Postoperative treatment and follow-up

All patients received postoperative dabigatran (110 mg, bid) for anticoagulation; amiodarone (0.2 g, qd) to maintain sinus rhythm; and omeprazole (20 mg, qd) to suppress gastric acid for 3 months. Patients with discomfort will be submitted for the ECG monitoring. The cardiac electrophysiology and echocardiography of all patients will be evaluated using 24-h ambulatory electrocardiograms and a Sonos 5500 type ultrasound machine (Philips, Best, Netherlands) three days, 3 months and 6 months after operation to learn the efficacy and complications of CPVI.

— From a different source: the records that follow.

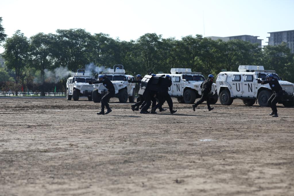 本次研討會議經(jīng)公安部批準(zhǔn),由聯(lián)合國和平行動部警察司主辦,中國維和警察培訓(xùn)中心承辦,會期4天。來自聯(lián)合國總部、9個聯(lián)合國任務(wù)區(qū)與23個聯(lián)合國安理會主要出警國的39位高級官員與維和專家參與研討。開班典禮前,費(fèi)薩爾一行和與會代表共同觀摩了正在校集訓(xùn)的公安部特勤局國際維和總隊(duì)行動能力綜合演練。
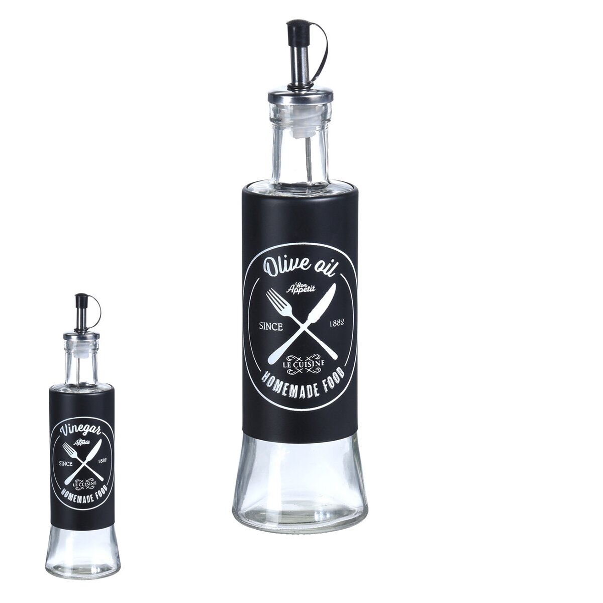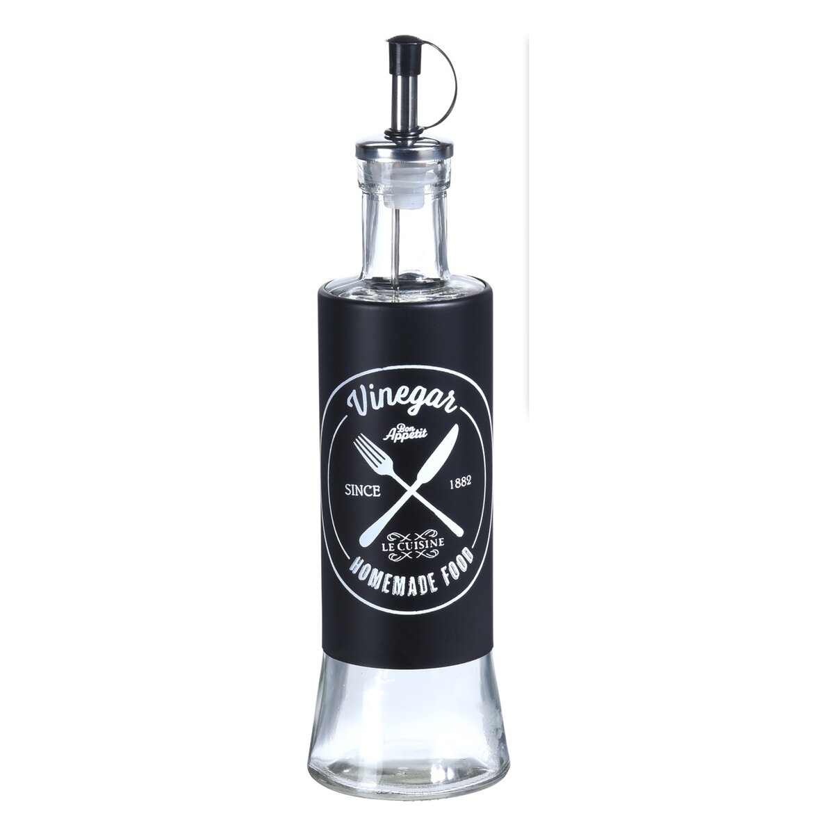Jej objem je 320 ml a pozornosť upúta predovšetkým jej výrazný, čierno-biely dekor, ktorý vás upozorní na obsah nádoby. Má praktický nerezový dávkovač uľahčujúci nalievanie tekutiny.
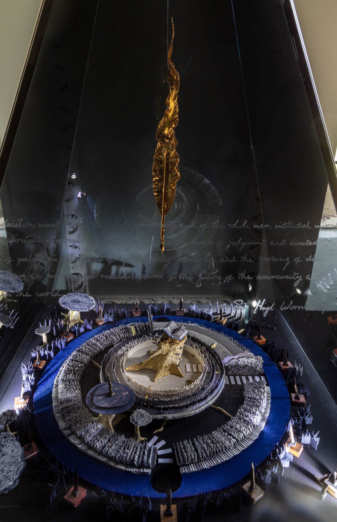 The statue is further contextualised by digital displays in the ante-room of the Library, through which users pass. Currently there are three presentations:

Definition of postoperative recurrence of AF

The time point to define postoperative recurrence of AF has not yet unified. Three months after radiofrequency ablation is a blank period[3]. According to the “2017 HRS/EHRA/ECAS/APHRS/SOLAECE expert consensus statement on catheter and surgical ablation of atrial fibrillation”, the recurrence of AF within 3 months was defined as early recurrence[3]. In this study, the average time of the third time point (3 months after CPVI) was 90 ± 5 days, so, paroxysmal atrial arrhythmias; such as atrial tachycardia, atrial flutter and AF lasting more than 30 seconds detected at this time point was defined as early recurrence. AF recurrence > 30 s recorded at the fourth time point (6 months after CPVI) was defined as late recurrence.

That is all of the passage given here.